## [To do]
Down to the last line, copy the records below without any change.
======== Data extracts ========
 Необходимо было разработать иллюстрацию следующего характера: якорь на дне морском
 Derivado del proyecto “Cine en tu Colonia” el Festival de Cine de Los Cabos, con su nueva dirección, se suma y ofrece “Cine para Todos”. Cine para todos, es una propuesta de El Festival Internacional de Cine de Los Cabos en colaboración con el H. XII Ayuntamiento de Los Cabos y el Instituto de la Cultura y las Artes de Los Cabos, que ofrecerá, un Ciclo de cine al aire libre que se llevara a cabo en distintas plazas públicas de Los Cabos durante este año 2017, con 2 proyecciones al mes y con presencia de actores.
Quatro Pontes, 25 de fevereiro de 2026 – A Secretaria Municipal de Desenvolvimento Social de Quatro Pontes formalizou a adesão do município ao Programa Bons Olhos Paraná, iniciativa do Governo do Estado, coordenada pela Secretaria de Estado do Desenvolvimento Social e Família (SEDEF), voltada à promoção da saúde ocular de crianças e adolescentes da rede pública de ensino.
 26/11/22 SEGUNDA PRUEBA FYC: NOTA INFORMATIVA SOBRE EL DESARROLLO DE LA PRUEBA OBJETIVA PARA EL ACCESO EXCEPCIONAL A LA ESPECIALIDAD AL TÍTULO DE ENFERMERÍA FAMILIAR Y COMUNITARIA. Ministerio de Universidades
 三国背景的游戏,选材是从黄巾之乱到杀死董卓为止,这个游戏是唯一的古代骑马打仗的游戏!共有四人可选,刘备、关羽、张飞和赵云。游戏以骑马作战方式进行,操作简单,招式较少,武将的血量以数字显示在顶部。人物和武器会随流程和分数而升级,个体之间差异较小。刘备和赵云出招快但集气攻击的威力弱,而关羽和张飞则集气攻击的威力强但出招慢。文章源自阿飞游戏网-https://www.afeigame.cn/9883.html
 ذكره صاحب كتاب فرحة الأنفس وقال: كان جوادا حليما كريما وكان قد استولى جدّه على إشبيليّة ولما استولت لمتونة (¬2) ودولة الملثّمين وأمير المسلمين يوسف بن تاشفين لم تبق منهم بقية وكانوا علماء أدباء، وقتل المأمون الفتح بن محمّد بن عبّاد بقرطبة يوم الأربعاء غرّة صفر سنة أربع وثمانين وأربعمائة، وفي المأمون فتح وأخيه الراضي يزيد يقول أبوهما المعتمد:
========
## [Answer]
 Необходимо было разработать иллюстрацию следующего характера: якорь на дне морском
 Derivado del proyecto “Cine en tu Colonia” el Festival de Cine de Los Cabos, con su nueva dirección, se suma y ofrece “Cine para Todos”. Cine para todos, es una propuesta de El Festival Internacional de Cine de Los Cabos en colaboración con el H. XII Ayuntamiento de Los Cabos y el Instituto de la Cultura y las Artes de Los Cabos, que ofrecerá, un Ciclo de cine al aire libre que se llevara a cabo en distintas plazas públicas de Los Cabos durante este año 2017, con 2 proyecciones al mes y con presencia de actores.
Quatro Pontes, 25 de fevereiro de 2026 – A Secretaria Municipal de Desenvolvimento Social de Quatro Pontes formalizou a adesão do município ao Programa Bons Olhos Paraná, iniciativa do Governo do Estado, coordenada pela Secretaria de Estado do Desenvolvimento Social e Família (SEDEF), voltada à promoção da saúde ocular de crianças e adolescentes da rede pública de ensino.
 26/11/22 SEGUNDA PRUEBA FYC: NOTA INFORMATIVA SOBRE EL DESARROLLO DE LA PRUEBA OBJETIVA PARA EL ACCESO EXCEPCIONAL A LA ESPECIALIDAD AL TÍTULO DE ENFERMERÍA FAMILIAR Y COMUNITARIA. Ministerio de Universidades
 三国背景的游戏,选材是从黄巾之乱到杀死董卓为止,这个游戏是唯一的古代骑马打仗的游戏!共有四人可选,刘备、关羽、张飞和赵云。游戏以骑马作战方式进行,操作简单,招式较少,武将的血量以数字显示在顶部。人物和武器会随流程和分数而升级,个体之间差异较小。刘备和赵云出招快但集气攻击的威力弱,而关羽和张飞则集气攻击的威力强但出招慢。文章源自阿飞游戏网-https://www.afeigame.cn/9883.html
 ذكره صاحب كتاب فرحة الأنفس وقال: كان جوادا حليما كريما وكان قد استولى جدّه على إشبيليّة ولما استولت لمتونة (¬2) ودولة الملثّمين وأمير المسلمين يوسف بن تاشفين لم تبق منهم بقية وكانوا علماء أدباء، وقتل المأمون الفتح بن محمّد بن عبّاد بقرطبة يوم الأربعاء غرّة صفر سنة أربع وثمانين وأربعمائة، وفي المأمون فتح وأخيه الراضي يزيد يقول أبوهما المعتمد:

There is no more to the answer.